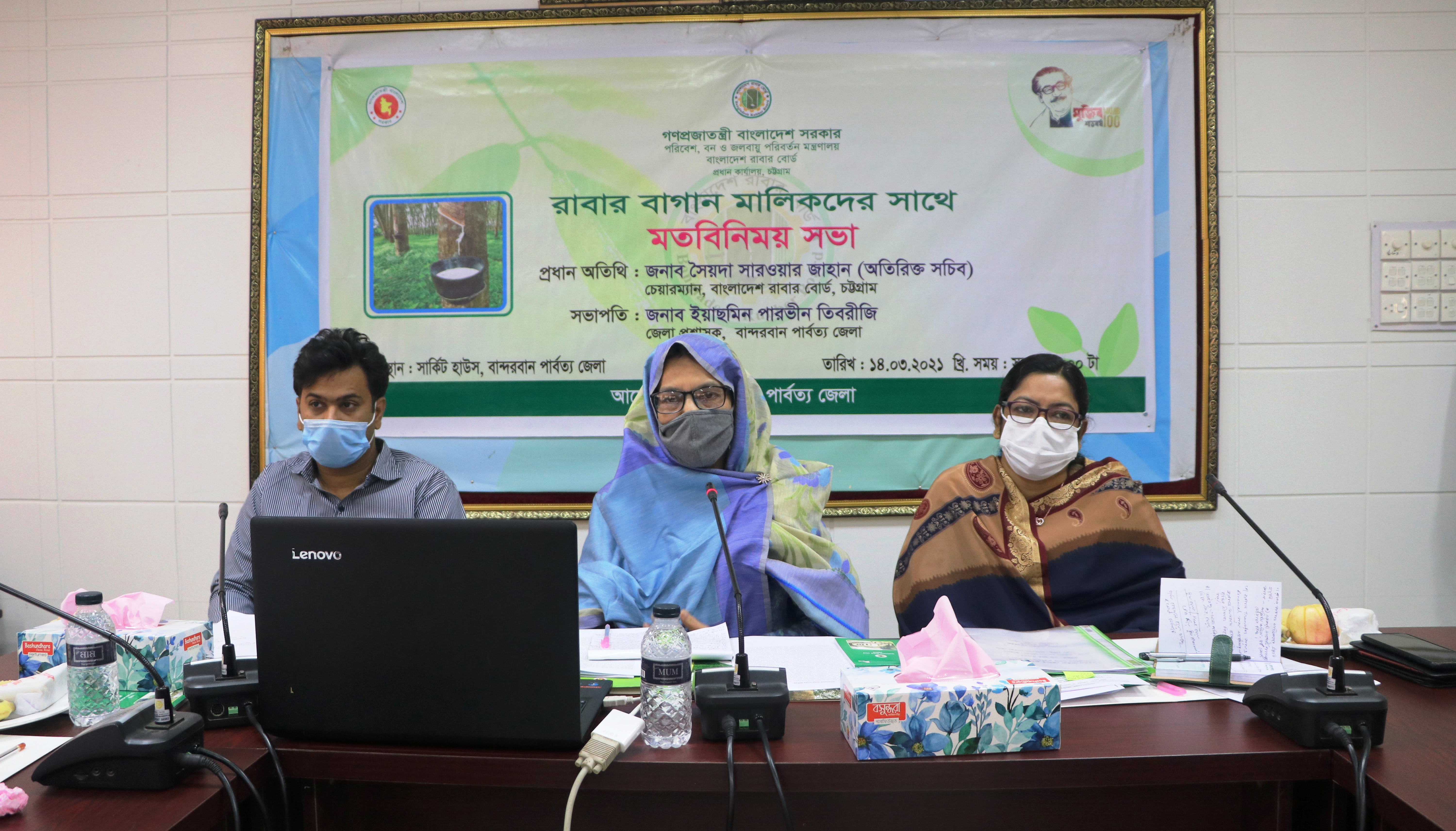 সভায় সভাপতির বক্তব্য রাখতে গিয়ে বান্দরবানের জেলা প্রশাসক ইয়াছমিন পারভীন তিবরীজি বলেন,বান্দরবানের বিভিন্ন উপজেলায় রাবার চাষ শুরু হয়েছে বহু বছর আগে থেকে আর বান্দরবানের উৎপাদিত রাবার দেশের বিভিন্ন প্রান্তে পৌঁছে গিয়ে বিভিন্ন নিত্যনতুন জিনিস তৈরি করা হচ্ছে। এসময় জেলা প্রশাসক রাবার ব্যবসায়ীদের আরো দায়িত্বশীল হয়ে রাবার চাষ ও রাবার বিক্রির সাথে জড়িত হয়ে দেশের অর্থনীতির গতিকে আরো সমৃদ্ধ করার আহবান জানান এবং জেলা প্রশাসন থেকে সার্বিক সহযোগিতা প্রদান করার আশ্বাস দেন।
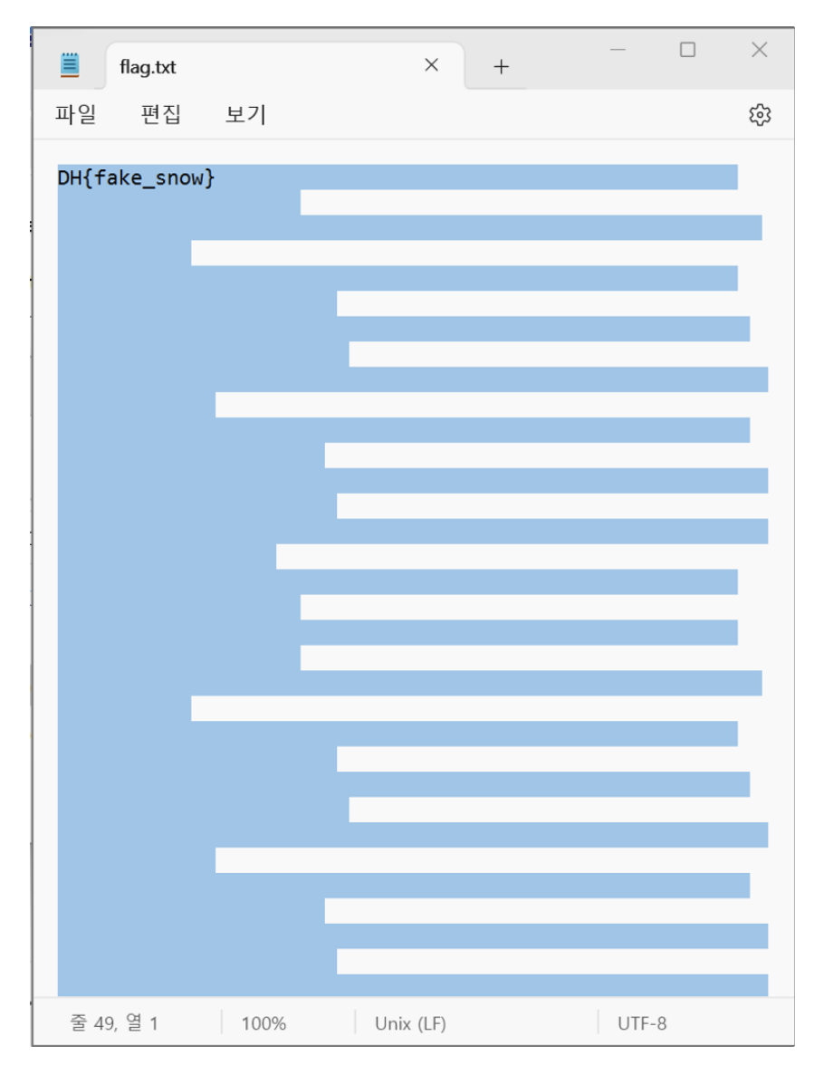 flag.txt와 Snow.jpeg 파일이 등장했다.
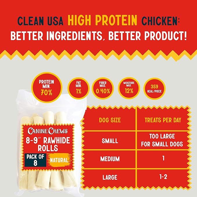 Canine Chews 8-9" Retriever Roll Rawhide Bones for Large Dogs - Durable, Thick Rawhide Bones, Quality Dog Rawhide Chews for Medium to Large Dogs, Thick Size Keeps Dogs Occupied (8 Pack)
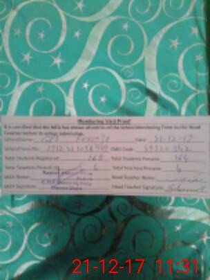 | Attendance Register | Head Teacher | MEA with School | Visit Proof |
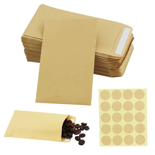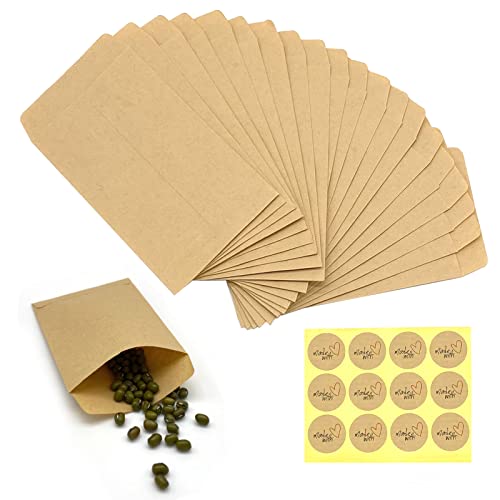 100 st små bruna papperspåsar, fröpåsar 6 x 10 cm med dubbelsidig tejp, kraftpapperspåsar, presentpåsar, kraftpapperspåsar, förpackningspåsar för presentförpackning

**WHAT IS REQUIRED:**
Take the lines from the one containing "Visit Proof |" through the last line of the listing and repeat them exactly. Omit the pictures.

**RESPONSE AREA:**
 | Attendance Register | Head Teacher | MEA with School | Visit Proof |
 100 st små bruna papperspåsar, fröpåsar 6 x 10 cm med dubbelsidig tejp, kraftpapperspåsar, presentpåsar, kraftpapperspåsar, förpackningspåsar för presentförpackning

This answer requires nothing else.